Im Hinblick auf die Steuerbefreiung für Investitionen in Maschinen setzt die Steuervergünstigung gemäß Art. 5 Abs. 1 des Gesetzesdekrets Nr. 78/2009, umgewandelt durch das Gesetz Nr. 102/2009 (sog. Tremonti ter), voraus, dass der Steuerpflichtige im Zeitraum vom 1. Juli 2009 bis zum 30. Juni 2010 die Kosten für diese Investitionen tatsächlich getragen hat. Hierbei ist auf die Bestimmung des Art. 109 Abs. 2 Buchst. b) des TUIR in Bezug auf Dienstleistungen abzustellen.

Dieser Leitsatz stellt ein grundlegendes Prinzip auf: Um festzustellen, ob eine Investition in den begünstigten Zeitraum fällt oder nicht, darf nicht willkürlich vorgegangen werden oder ausschließlich auf mündliche Vereinbarungen oder Teilzahlungen vertraut werden. Vielmehr müssen die im Einheitstext der Einkommensteuergesetze (TUIR) vorgesehenen Kriterien der Periodenabgrenzung strikt befolgt werden. Der Kassationsgerichtshof stellt klar, dass der Zeitpunkt des Kostentragens nicht notwendigerweise mit dem Geldabfluss zusammenfällt, sondern mit der steuerlichen Entstehung der Kosten, die bei Dienstleistungen an den Abschluss der Leistungserbringung geknüpft ist.

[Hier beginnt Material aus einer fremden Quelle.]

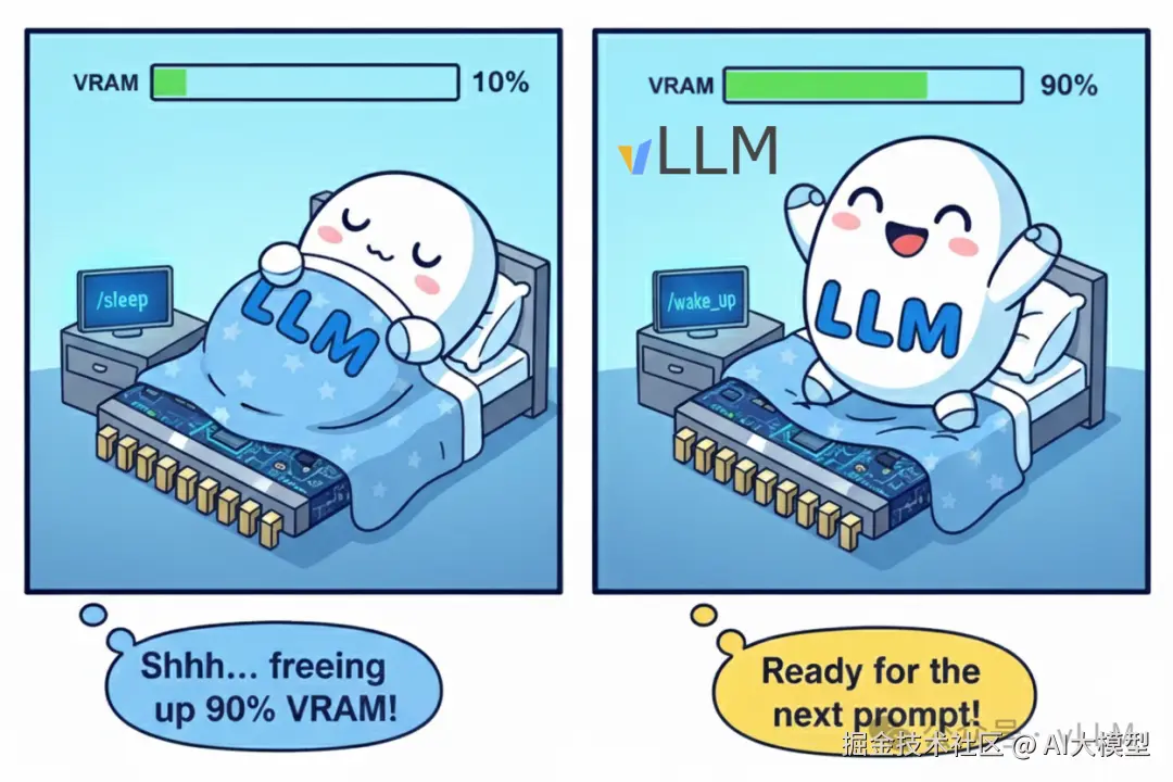 vLLM睡眠模式提供了第三种方案: 模型在几秒内进入休眠,快速唤醒------在保持按需加载效率的同时,实现持久化服务的速度。

Die Anwendung von Artikel 109 des TUIR

Der Verweis auf Artikel 109 des TUIR bildet den Kern der Entscheidung. Diese allgemeine Norm regelt die Komponenten des Unternehmenseinkommens und legt objektive Kriterien für die zeitliche Zuordnung von Kosten fest. Insbesondere für Unternehmen, die steuerliche Boni im Zusammenhang mit Investitionen in Anspruch nehmen wollen, ist es wichtig zu beachten, dass Kosten als getragen gelten:

  • Bei beweglichen Gütern: zum Zeitpunkt der Lieferung oder des Versands oder, falls abweichend und später, zum Zeitpunkt des Übergangs des Eigentums;
  • Bei Dienstleistungen: zum Zeitpunkt der vollständigen Erbringung der Leistungen, unabhängig vom Zeitpunkt der Rechnungszahlung;
  • Bei komplexen Verträgen oder Verträgen mit Stundungsklauseln: bei Eintritt der spezifischen vertraglich vorgesehenen Bedingungen.

Im Kontext der Tremonti ter gilt: Wenn ein Unternehmen eine Dienstleistung oder die Installation einer Maschine in Auftrag gegeben hat, entsteht der Anspruch auf Steuerbefreiung nur dann, wenn die Leistung tatsächlich innerhalb der Ausschlussfrist zum 30. Juni 2010 abgeschlossen wurde. Es reicht daher nicht aus, einen Vorvertrag unterzeichnet oder eine Anzahlung geleistet zu haben, wenn der wirtschaftliche Kern des Vorgangs außerhalb des vom Gesetzgeber vorgeschriebenen Zeitfensters vollzogen wurde.

Schlussfolgerungen zu den Auswirkungen für Steuerpflichtige

Das Urteil Nr. 29774/2025 bestätigt die strenge Ausrichtung der Rechtsprechung, die verlangt, dass Steuervergünstigungen durch eine korrekte zeitliche Zuordnung der Kosten belegt werden. Für Unternehmen bedeutet dies, dass die Steuerplanung und die Aufbewahrung der Belege zur Unterstützung der Investitionen (wie Lieferscheine, Transportdokumente oder Abnahmeprotokolle) zu entscheidenden Elementen werden, um Steuernachforderungen und hohe Sanktionen zu vermeiden. Zusammenfassend bekräftigt das Urteil, dass die Rechtssicherheit im Steuerrecht zwangsläufig über die Einhaltung der allgemeinen Grundsätze der Periodenabgrenzung führt, die sowohl für den Steuerpflichtigen bei der Erstellung des Jahresabschlusses als auch für die Finanzverwaltung bei der Kontrolle als Kompass dienen.